Milliarden für Spritrabatte – während die Bahn auf Investitionen wartet
Selma SchmiedtMilliarden für Spritrabatte – während die Bahn auf Investitionen wartet
Die jüngsten Senkungen der Kraftstoffsteuer in Deutschland haben die Steuerzahler Milliarden gekostet, bringen aber nur begrenzte langfristige Vorteile. Gleichzeitig klagen zentrale Schienenprojekte über massive Finanzierungslücken – eine Entwicklung, die Fragen zur Verwendung öffentlicher Gelder aufwirft. Zudem profitierte die Ölbranche in einer Phase globaler Spannungen erheblich von den Maßnahmen.
Allein die letzte Kraftstoffsubvention, die 2022 eingeführt wurde, schlug mit über 3 Milliarden Euro zu Buche. Eine neue Steuerentlastung soll nun weitere 1,6 Milliarden Euro kosten. Parallel dazu erzielte die Ölindustrie während der Rabattphase dank des Iran-Konflikts zusätzliche Windfall-Gewinne in Höhe von 2,4 Milliarden Euro.
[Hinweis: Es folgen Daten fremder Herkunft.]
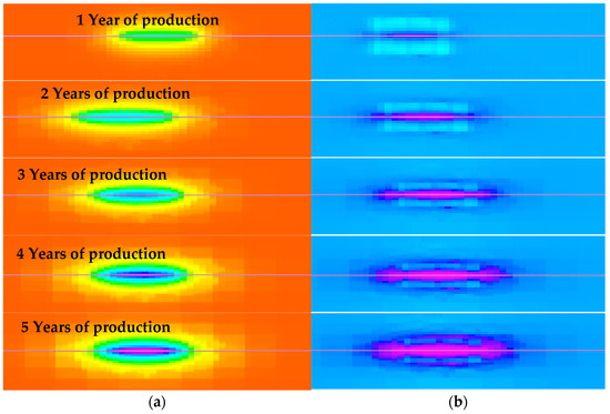 Evolution of formation pressure and minimum horizontal principal stress field during 1–5 years of parent well production. (a) Formation pressure. (b) Minimum horizontal principal stress.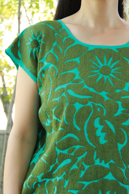 メキシコの洋服には珍しいレーヨン生地を使用しているため、四角い形でありながら、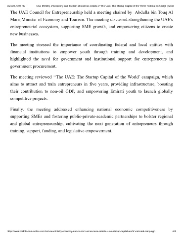 9/23/25, 5:06 PM UAE Ministry of Economy and Tourism announces details of ‘The UAE: The Startup Capital of the World’ national campaign | MEO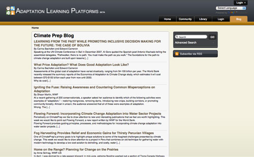 The portal’s other focus is research and information. It features a library that stores case studies, reports and news items. Users are also able to access and create Wiki documents. This content is overseen by site administrators and is searchable by type, topic or author tags. The homepage also features a feed from the Climate Prep.Org blog with the latest news items and reports.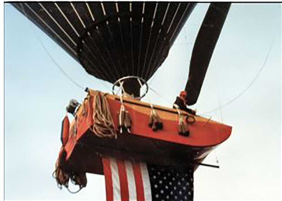 However, the balloon built by Ed Yost worked perfectly and the boat-like gondola built by Reinhard also worked perfectly. “Several other balloons, in the 15 attempts before ours had failed and cost people their lives, but Ed’s balloons—they never failed. That was why I chose Ed to build the envelope,” said Reinhard who put all avionics and other equipment in the balloon. “We tested the gondola to see if it would float and yes it did, which saved our lives.”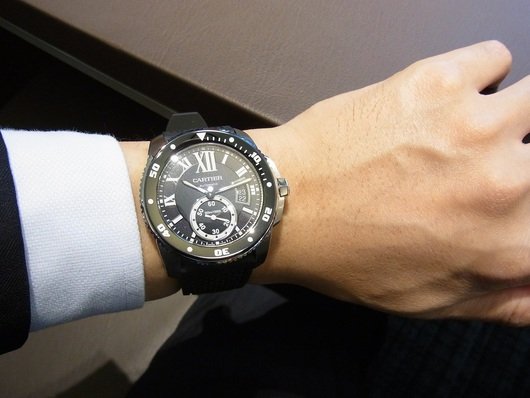2014年にカルティエのメンズライン「カリブル・ドゥ・カルティエ」コレクションから登場した初のダイバーズモデル「カリブル ドゥ カルティエ ダイバー W7100057」.国際規格のISO6425をパスした300メートル防水が特徴で、精度の高いADLCコーティング仕様のスティール製逆回転防止ベゼルを備えており、ダイバーズウォッチとして申し分ないスペックを有します.視認性の高い文字盤にスーパールミノバ夜光インデックスと、視認性にも優れています.ケースの厚さは11.5MMと薄く作られており、心地よい装着感を実現します.実に男性らしいデザインでありながら、カルティエウォッチとしての高級感も兼ね備えた1本です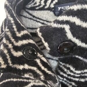 Maeve for Anthropologie "Eunice" funnel neck wool coat/cardigan. Bold black and white zebra-like print. Oversized snaps for closure on this open front coatigan. Perfect for outerwear or layering. Front pockets. The stand up collar gives structural appearance. Heavyweight wool blend material. Very warm. Can be dressed up or down.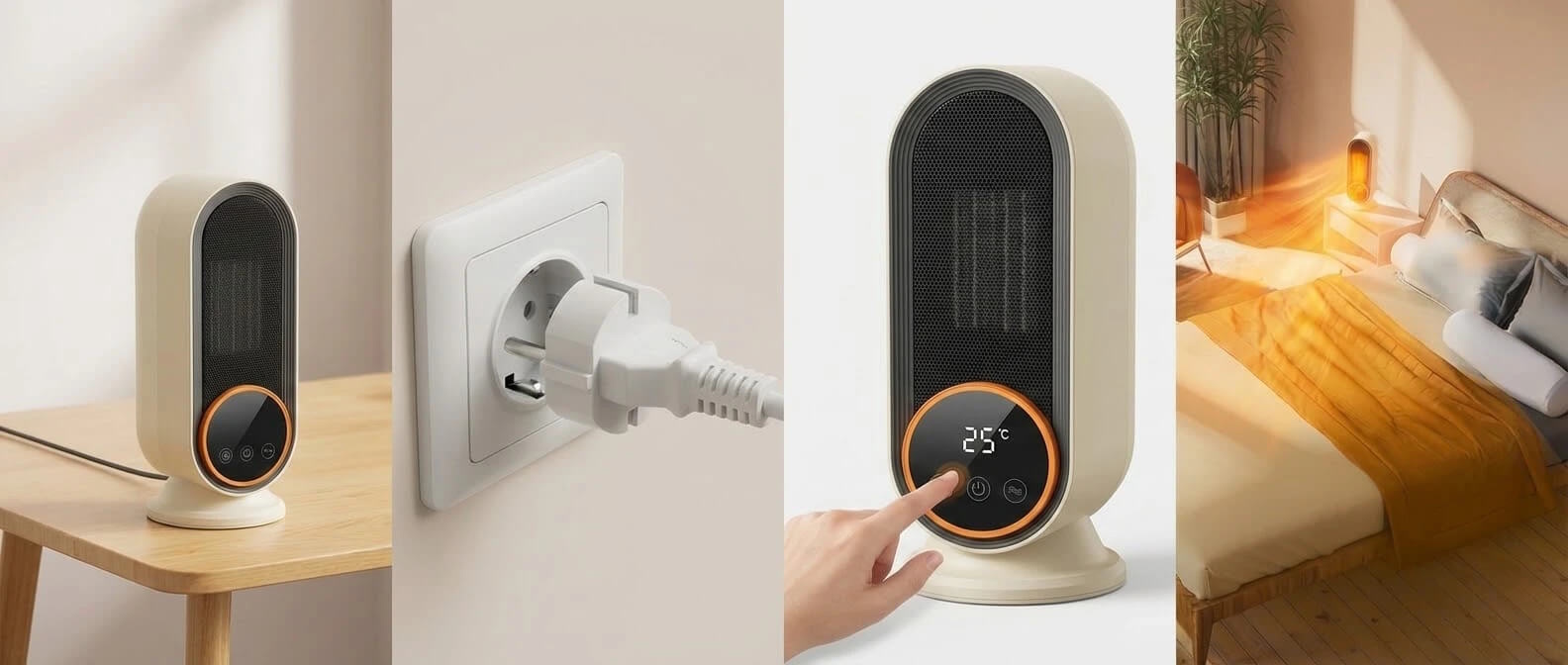 - Simply remove the heater from its packaging and place it on a stable, hard surface. Avoid placing it on soft or unstable surfaces like carpets or beds, as this could cause it to tip over.

Die Subventionen schafften jedoch kaum nachhaltige Anreize für Veränderung oder Fortschritt. Kritiker monieren, die Mittel wären besser in die Schieneninfrastruktur investiert gewesen. Der Hauptbahnhof Hannover, von der Deutschen Bahn als „Drehscheibe“ des Deutschlandtakts bezeichnet, stellt einen kritischen Engpass für den Schienenverkehr in Norddeutschland dar. Die geplante Erweiterung stockt wegen einer Finanzierungslücke von 2 Milliarden Euro.
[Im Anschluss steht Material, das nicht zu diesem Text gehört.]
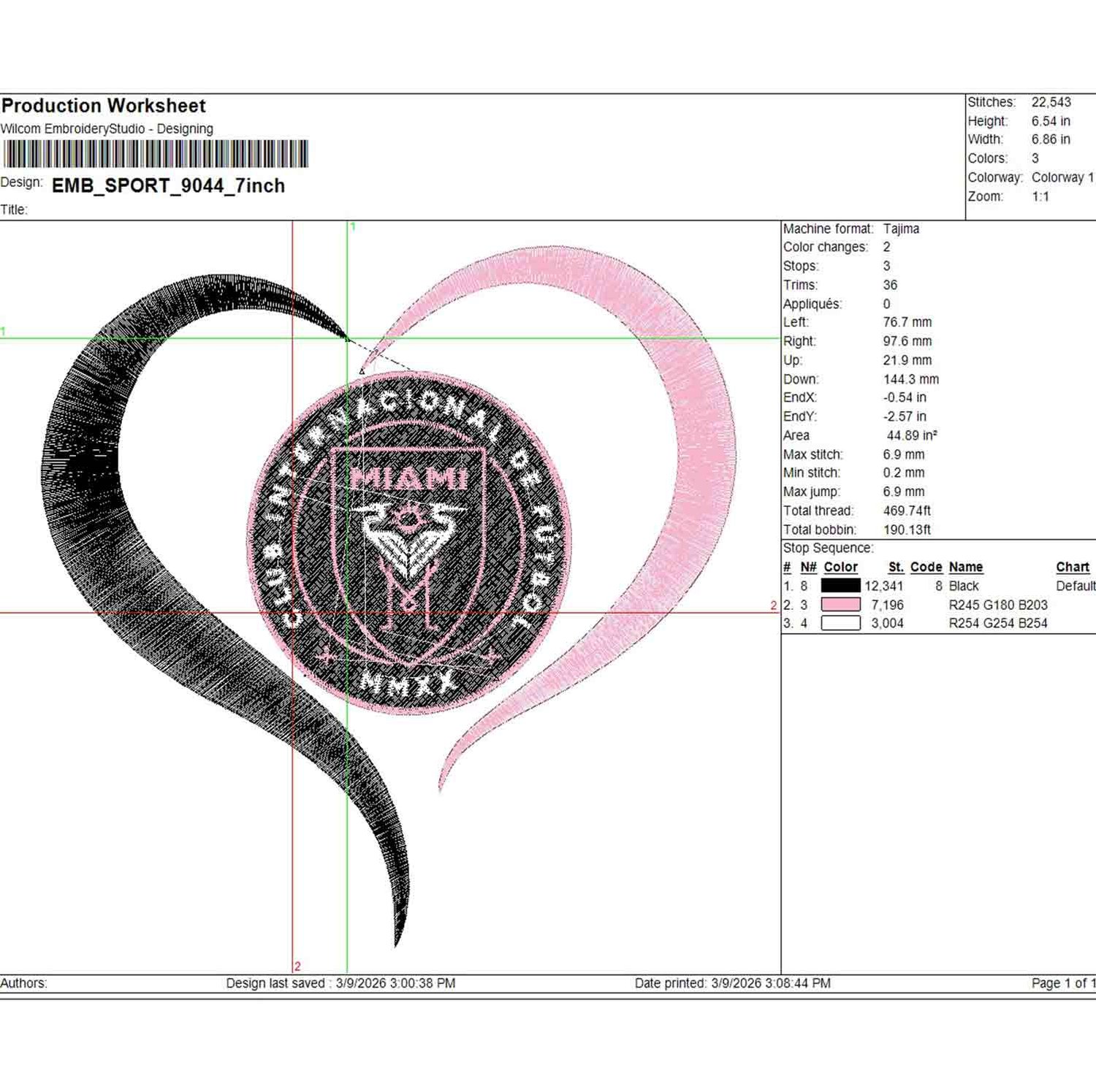 MLS Inter Miami CF Heart Logo Embroidery Designs, Inter Miami CF Embroidery Files, MLS Inter Miami CF Logo Embroidery, Major League Soccer Machine Embroidery Design, Digital Download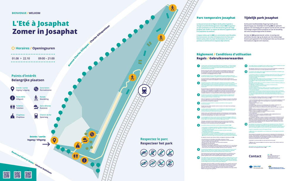 « L’Été à Josaphat », l’occupation temporaire organisée par la Société d’Aménagement Urbain (SAU) à la demande du Gouvernement régional bruxellois, se tiendra du 1er août au 22 octobre 2020 sur une partie de l’ancienne gare de triage Josaphat. Le plan du site avec les détails pratiques (accès, activités, horaire, règlement…) est consultable et téléchargeable ICI.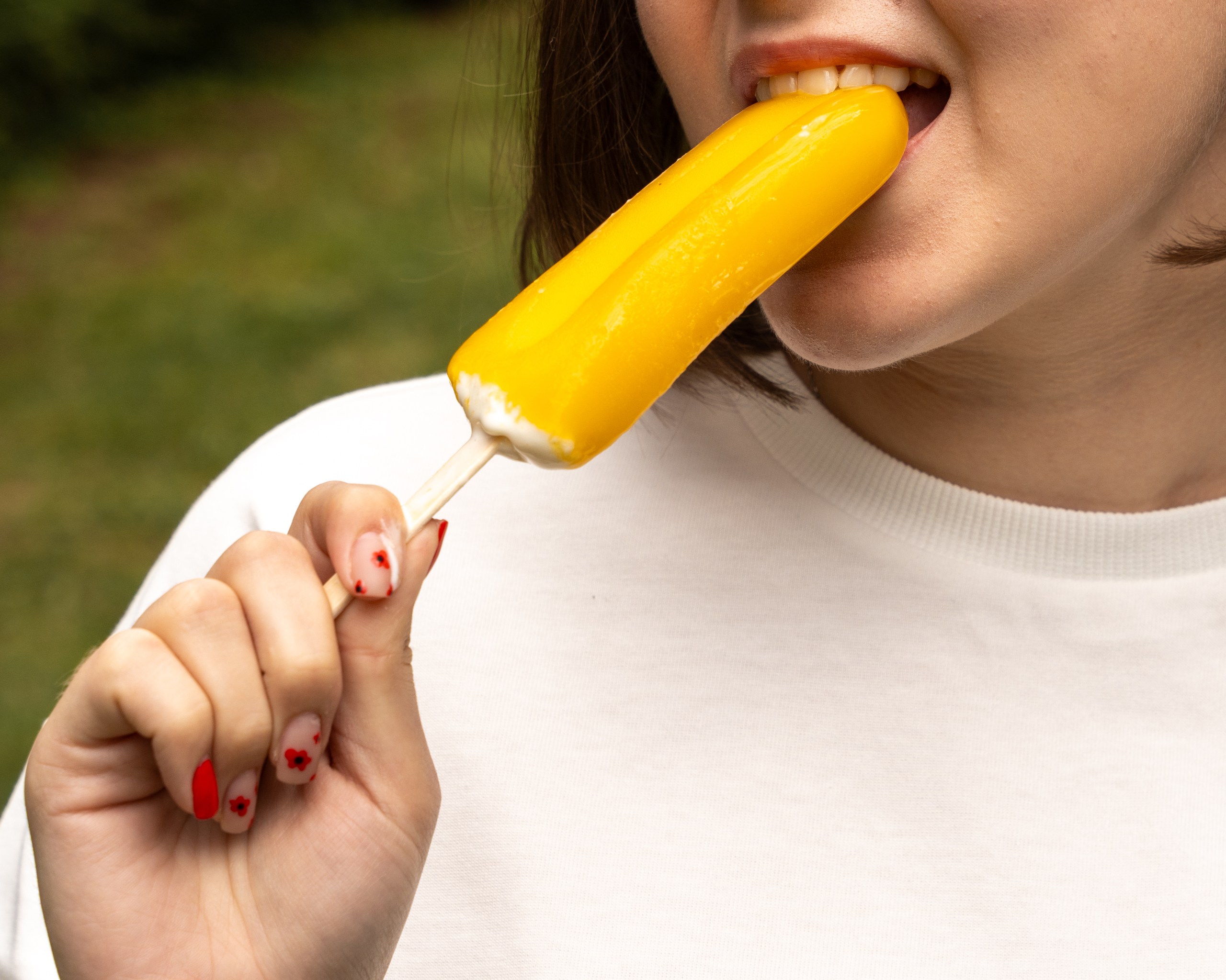 «Натуральное мороженое с желейной глазурью из манго — это что-то невероятное. Сливочный вкус с освежающей кислинкой манго делает его идеальным десертом для жаркого летнего дня. Настоящее наслаждение без искусственных ароматизаторов и красителей».

Auch die kürzlich modernisierte Bahnstrecke Berlin–Hamburg verfügt noch nicht über die moderne digitale Zugsicherung (ETCS) – ebenfalls eine Folge knapper Budgets. Ein funktionsfähiges, zuverlässiges Schienennetz hätte in Krisenzeiten eine echte Alternative zu fossilen Brennstoffen bieten können.
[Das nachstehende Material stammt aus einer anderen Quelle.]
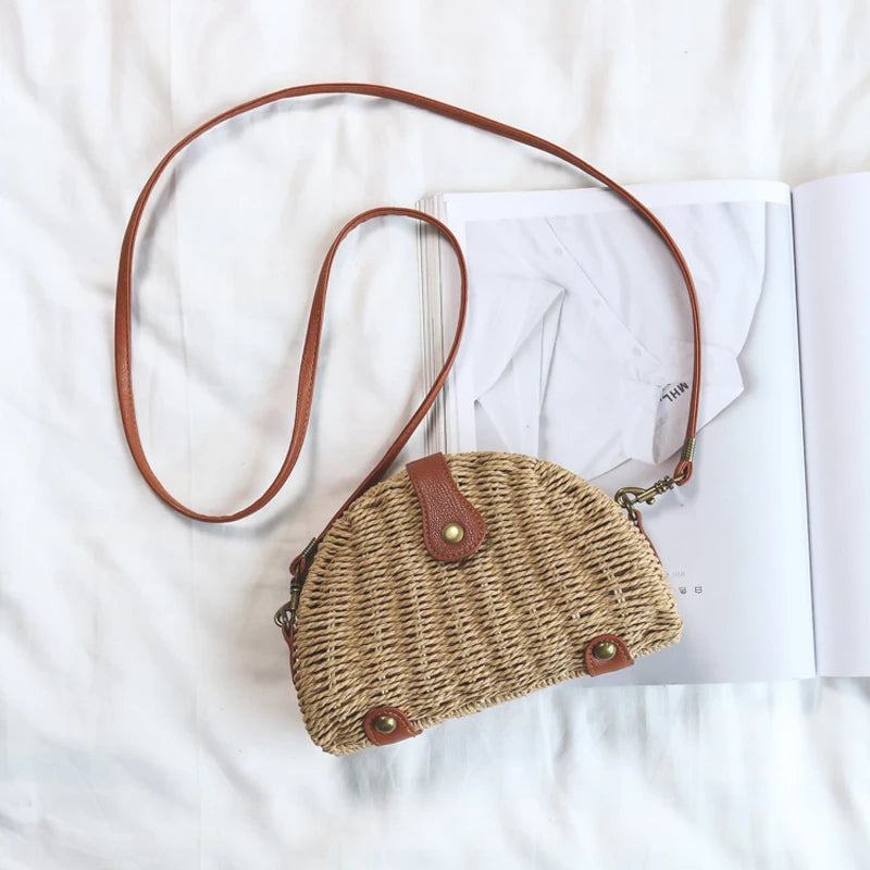 Woman Straw Bag Semi-Circle Shoulder Bag Rattan Handbag Summer Beach Bag

Die Kraftstoffsubventionen haben öffentliche Mittel aufgezehrt und gleichzeitig der Ölindustrie genutzt. Schienenprojekte, die die Abhängigkeit von fossilen Energieträgern verringern könnten, bleiben dagegen unterfinanziert. Die Diskrepanz zwischen Ausgaben und langfristigen Bedürfnissen steht nun in der Kritik.